В прошлом году День невинно убиенных младенцев (28 декабря), который считается несчастливым, выпал на среду, поэтому в течение двенадцати месяцев начинать важные дела рекомендовалось только в любой другой день недели. Священники верили в это не меньше своей паствы. Каков приход, таковы и попы.

— И за сколько купили? — поинтересовался я, чтобы знать, за сколько можно будет продать.

— Всего за двадцать восемь фунтов! — воскликнул обиженно капитан.

Наверное, сам бы купил, но не поспел за шустрыми братьями. И выиграл в конечном итоге. Хотя, возможно, будь судно его, не попался бы нам.

— Новый такелаж и обработка корпуса обошлись им чуть дешевле! — продолжал он выплескивать обиду.

Это капитан, конечно, загнул с горя. Хотя черт его знает, какие цены и зарплаты в Англии! На островах всегда всё дороже, кроме морской воды.

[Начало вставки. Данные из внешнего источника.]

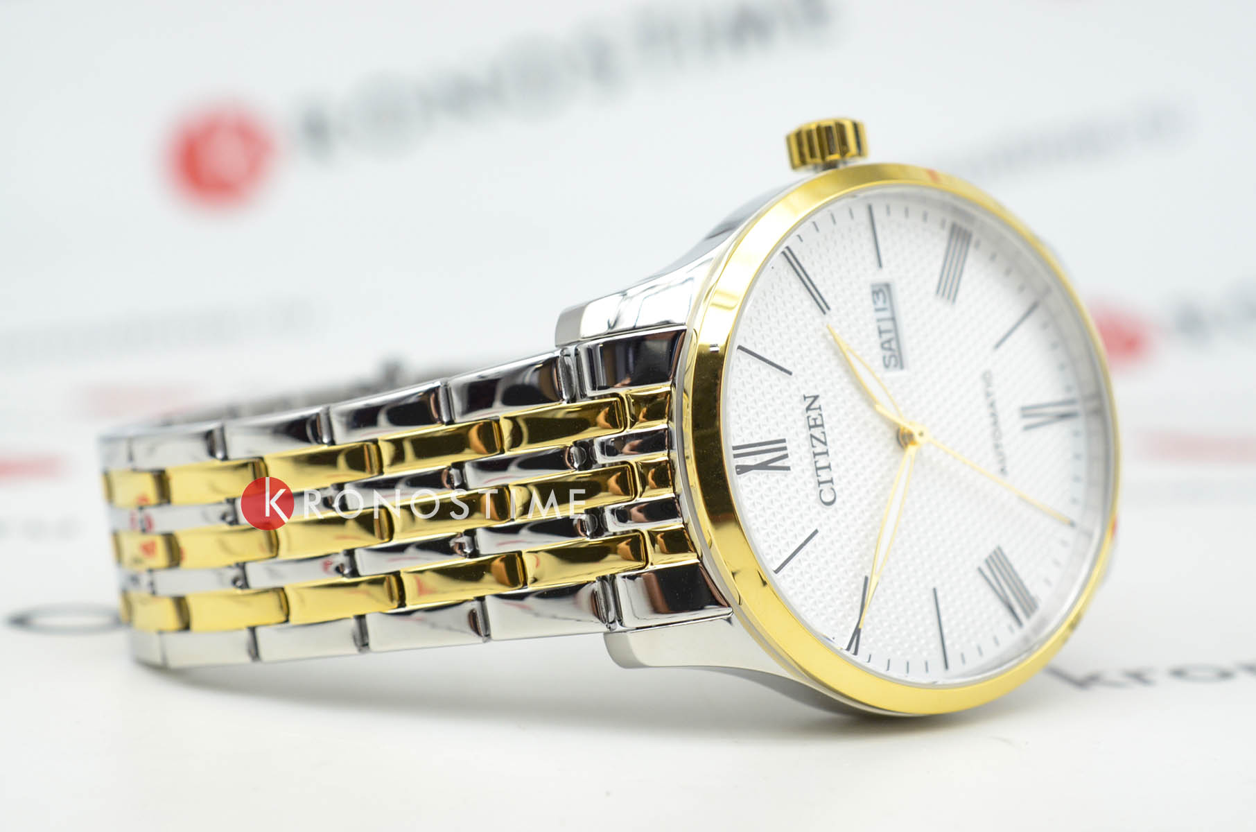 Мужские часы Citizen Tsuyosa NH8354-58A - идеальное сочетание классического и современного дизайна. Корпус из нержавеющей стали диаметром 40 мм идеально сбалансирован. Минеральное стеклоМинеральное стеклоМинеральное стекло представляет собой искусственно выращенный минерал кварца. Такое стекло отличается особой устойчивостью к повреждениям и царапинам. Уступает по некоторым качествам сапфировому стеклу. обеспечивает отличную защиту циферблата от царапин. Механические часы с автоподзаводом. Стальной браслет на раскладной застёжкеРаскладная застёжкаТакой тип застёжки используется только на браслетах из металла. Она никогда не раскрывается полностью, происходит разделение на 2 и более частей. Раскладывающая застёжка снизит вероятность потери часов к минимуму. с частичным IP-покрытиемIP-покрытиеМетод ионного напыления. Демонстрирует повышенную устойчивость к истиранию, окислению и химическим веществам. Под воздействием высокого давления и температуры около 1500°C молекулы металла надёжно соединяются с частицами корпуса часов. идеально дополняют дизайн часов, обеспечивая комфортное ношение. БезельБезельВнешний ободок, закрепляющий стекло. В спортивных часах так называется поворотное кольцо с делениями на циферблате, выполняет роль таймера – замеряет отрезки времени на шкале. Неподвижный безель – элемент декора. Однонаправленно вращающийся безель на дайверских часах позволяет фиксировать моменты погружения и выныривания на поверхность. с IP-покрытиемIP-покрытиеМетод ионного напыления. Демонстрирует повышенную устойчивость к истиранию, окислению и химическим веществам. Под воздействием высокого давления и температуры около 1500°C молекулы металла надёжно соединяются с частицами корпуса часов.. Окошко даты находится в положении 3 часа. В механизме 21 камень, частота 21600 полуколебаний в час. Часы обладают водонепроницаемостью до 50WR, что делает их идеальными для повседневной носки.

Мы проводили приз до Онфлера, где по-быстрому продали. Стоимость груза в несколько раз превосходила стоимость судна. Наши коллеги уже назахватывали столько таких посудин, что цена их резко упала. Как мне рассказал адмирал Жан де Монтобан, за два дня до нашего прихода в Онфлер привели шесть судов и в другие французские порты на берегу пролива не меньше. Англичане начали перевозить на материк шерсть весенней стрижки, овчины и шкуры крупного рогатого скота, забитого зимой. Везли из всех английских портов. Кстати, многие из этих портов в будущем превратятся в неизвестные морякам деревушки, в которых самым крупным плавсредством будет яхта хозяина паба, на которой будут путешествовать кто угодно, кроме него самого. Ему некогда совершать морские прогулки. В английской деревне паб — культурно-спортивный центр, а бармен — хранитель общественного мнения и рефери, обязанный отличаться от остальных — иметь яхту. Нет яхты — нет бармена, нет бармена — нет паба, нет паба — нет деревни, нет деревни — нет яхты. Идиотизм деревенской жизни основан на круговороте.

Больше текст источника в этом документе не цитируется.